Сразу за трактиром возвышалась громада доходного дома, выстроенного купцами Растеряевыми, хозяевами городских складов. Из окон заднего флигеля вид открывался прямо на их склады. От этой громады и пошли вдоль по Смоленской улице доходные дома, построенные местными богатеями: Зеленцовыми, Удаловыми, да и теми же Растеряевыми. Место становилось бойким: хоть еще и дымила круглые сутки городская свалка – Горячее поле, что за Альбуминной улицей, еще гнали по ночам скот, заворачивая его в широченные ворота, украшенные золочеными быками Демут-Малиновского, еще немцы-колонисты по утрам погоняли своих битюгов, груженых овощами по сезону, но протянулась по Забалканскому проспекту (старожилы все еще называли его першпективой, а Обводный канал – канавой) не веселенькая конка со звонким колоколом, а натуральный электрический трамвай, и от Технологического института зашагали не газовые – бери выше! – электрические фонари.

Петя Иванов, Пекка, как почему-то на финский манер называли его дома, приехал вовремя. Старые деревянные часы на кухне отбили ровно пять. Пётр Алексеевич был по-военному точен и по-военному немногословен. Приложился щекой к лицу матери, чуть прищелкнув каблуками, пожал руку отцу и крепко тряхнул руку младшему брату.

– Готов? – Георгий молча кивнул, не в силах отвести завороженный взгляд от его жены.

Надежда, как и Пётр, была одета в кожаную куртку, кожаную шляпку-каскетку и… это была несбыточная мечта всякого мальчика: на каскетке неотразимо сияли, бросая блики по всей кухне, автомобильные очки.

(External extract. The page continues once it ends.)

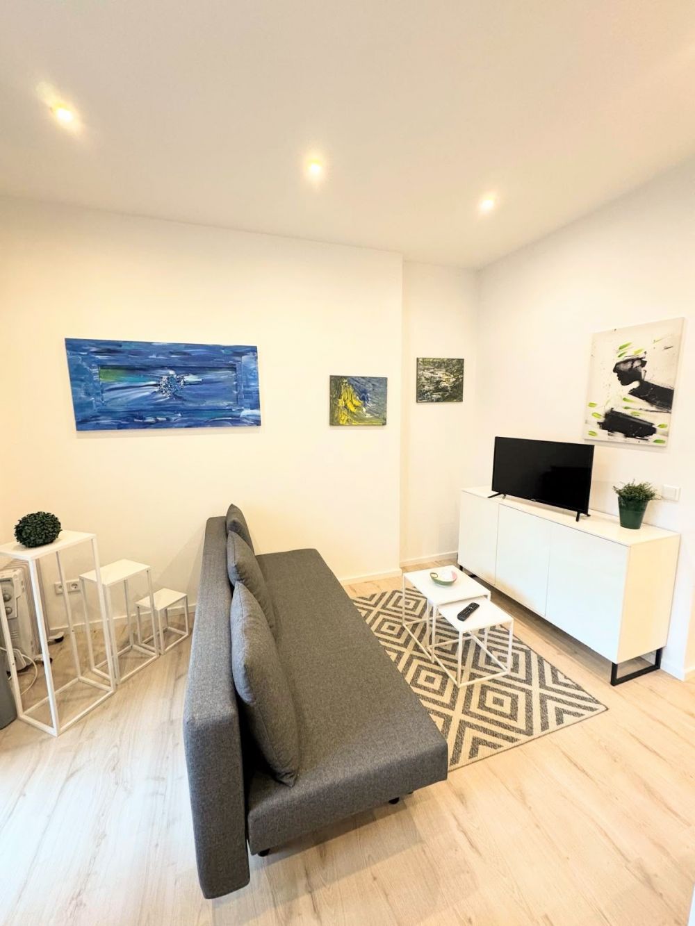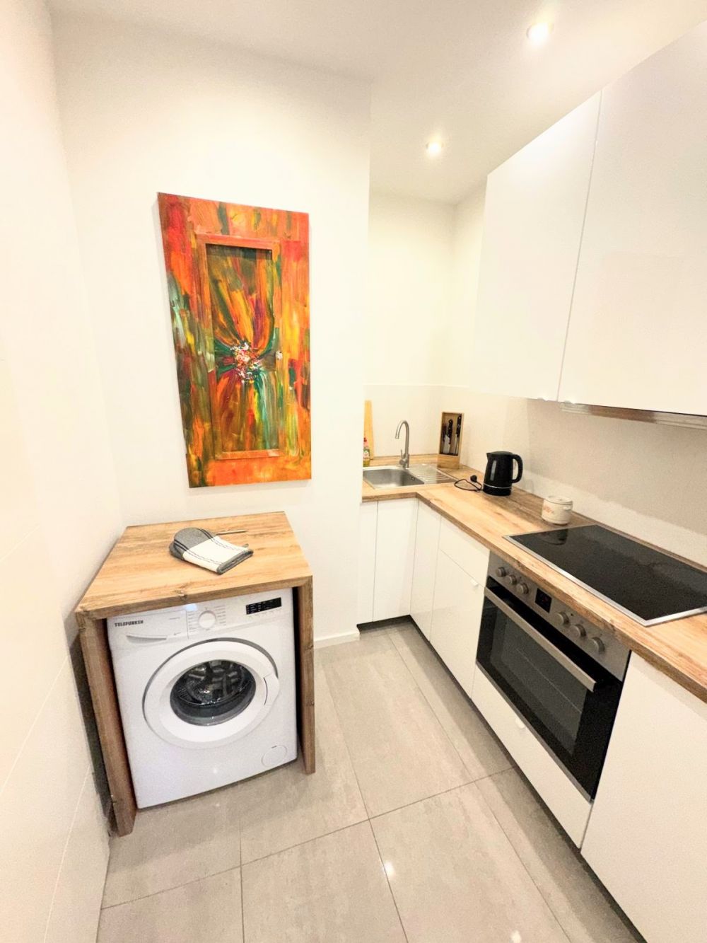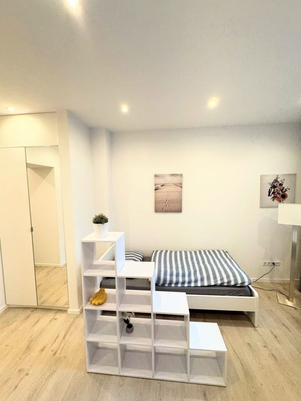 Schadowstraße/ Grafenberger Allee: Beautiful, modern furnished 1-room flat in a completely refurbished apartment block. High ceilings ( 3,8m ! ) with great sense of space, parquet floor, smooth plastered walls. Open-plan kitchen with electric cooker, ceramic hob and microwave, washing machine and a dining table with chairs. Living room with sofa, flat screen TV and chest of drawers. Bed with mattress.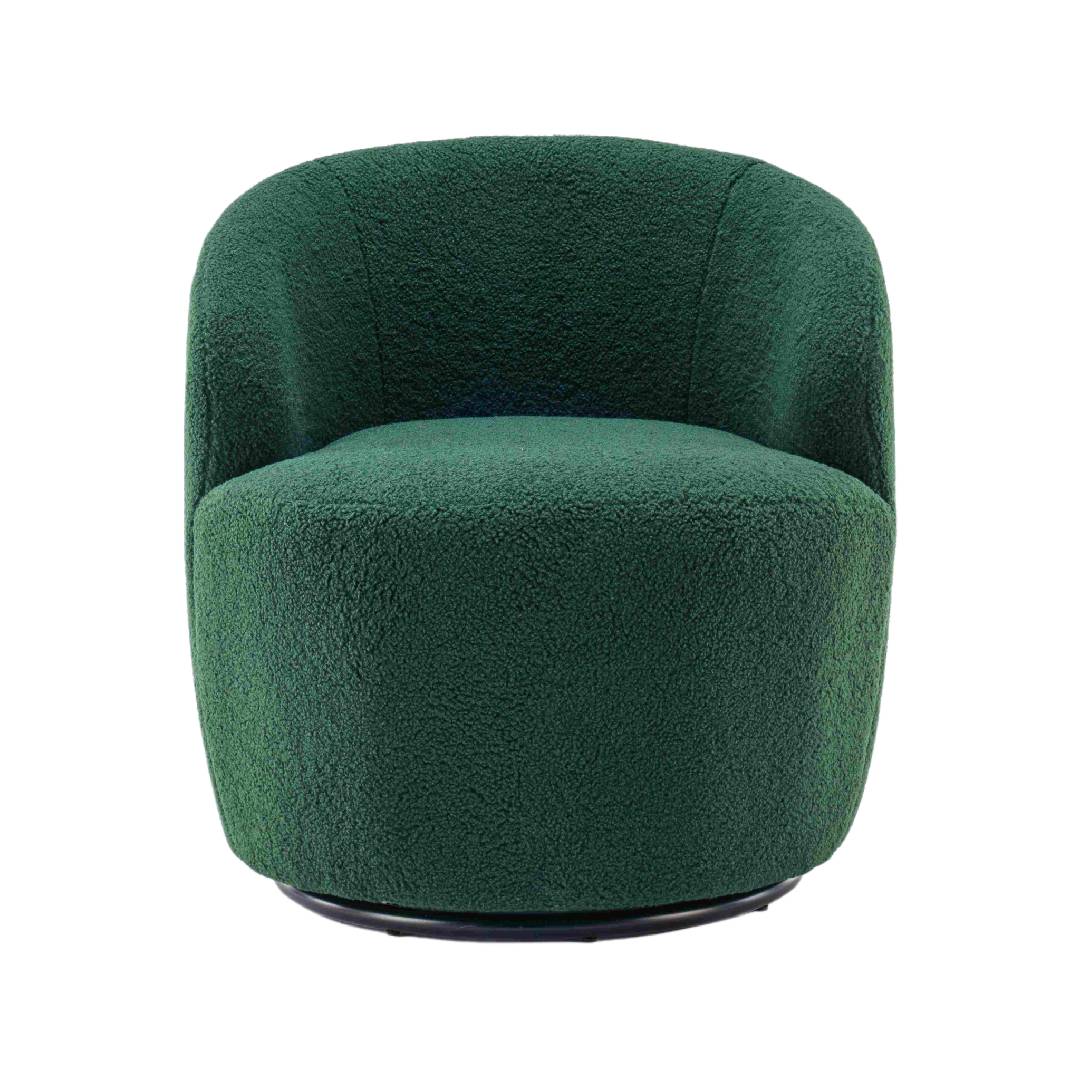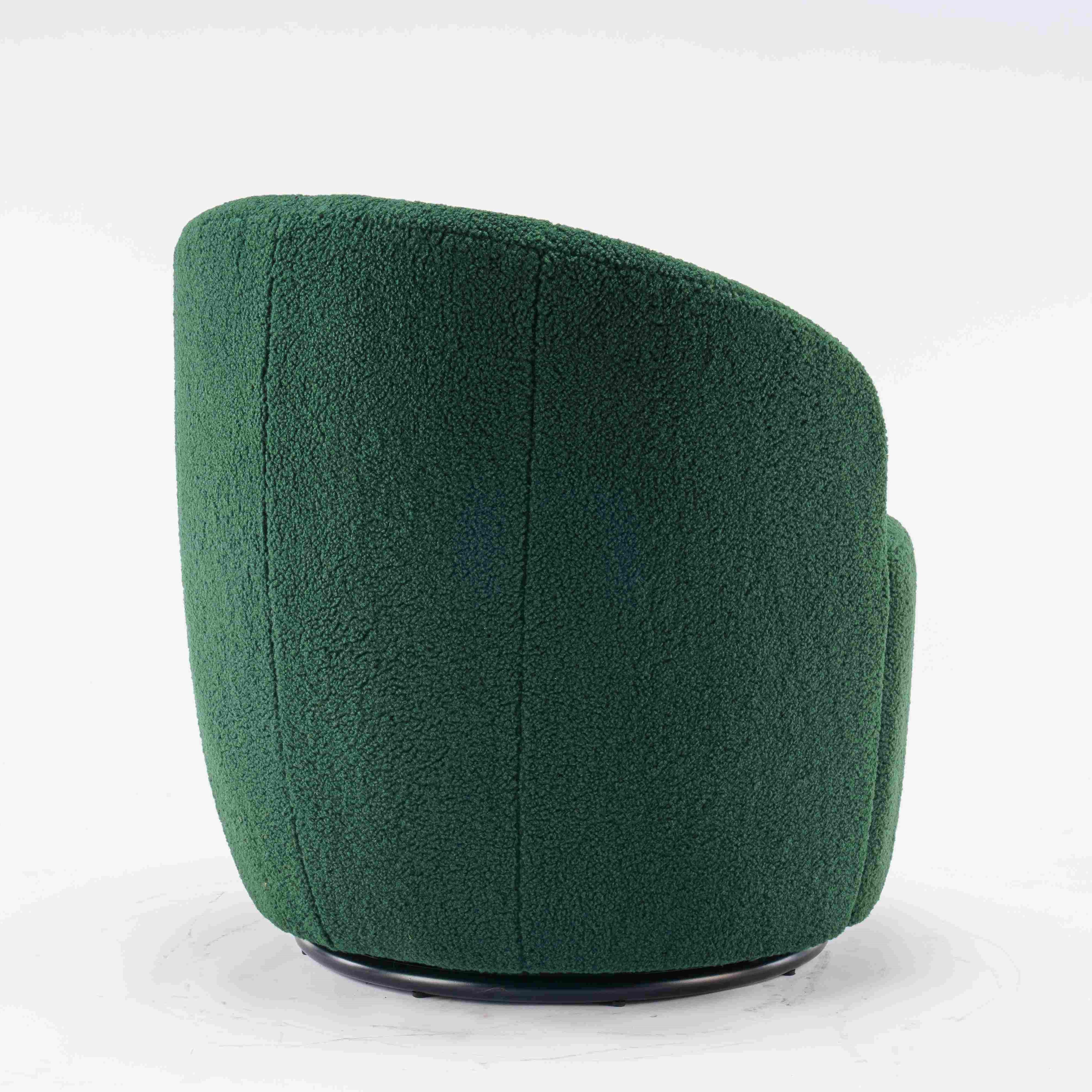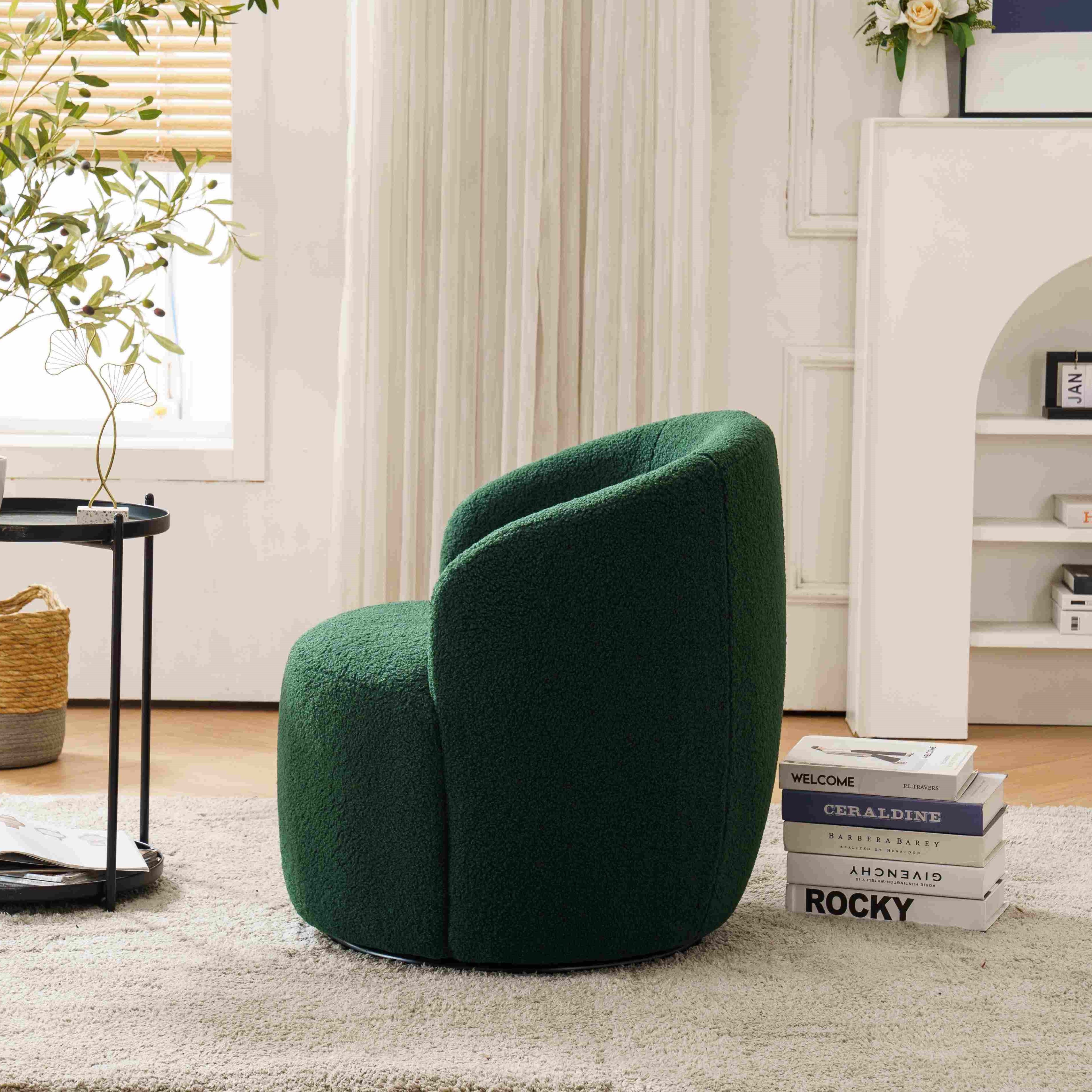 Teddy Fabric Swivel Armchair with Ergonomic Backrest and 360° Rotation, Sofa Chairs for Reading Room, 64x64x71 cm, Dark Green

– Пекка, – Иванов-старший был простужен и отхлебывал чай с малиной и малиновыми листьями, – ты уверен, что с этим поездом их можно отпустить? Безопасно?

– Батюшка, – Пекка принял налитый ему матерью чай, – поезд литерный, наркомовский. Я все уладил, они поедут в вагоне охраны.

– С китайцами? – удивился Иванов-старший.

– Нет, – хмыкнул Пекка. – Хотя с китайцами было бы вернее.

Надежда уже сняла свою каскетку вместе с очками и теперь было видно, что она взволнована:

– Там всякой твари по паре. Какие-то немцы…

– Ластивка моя, – на украинский манер проговорил Пётр (Надежда была хохлушка), – то ж не нимцы, а венгры. Просто они по-русски ни бельмеса, а по-немецки хоть чуть-чуть могут. – Он ласково положил свою ладонь на руку Надежды. – И латыши там есть, я с ними все обговорил.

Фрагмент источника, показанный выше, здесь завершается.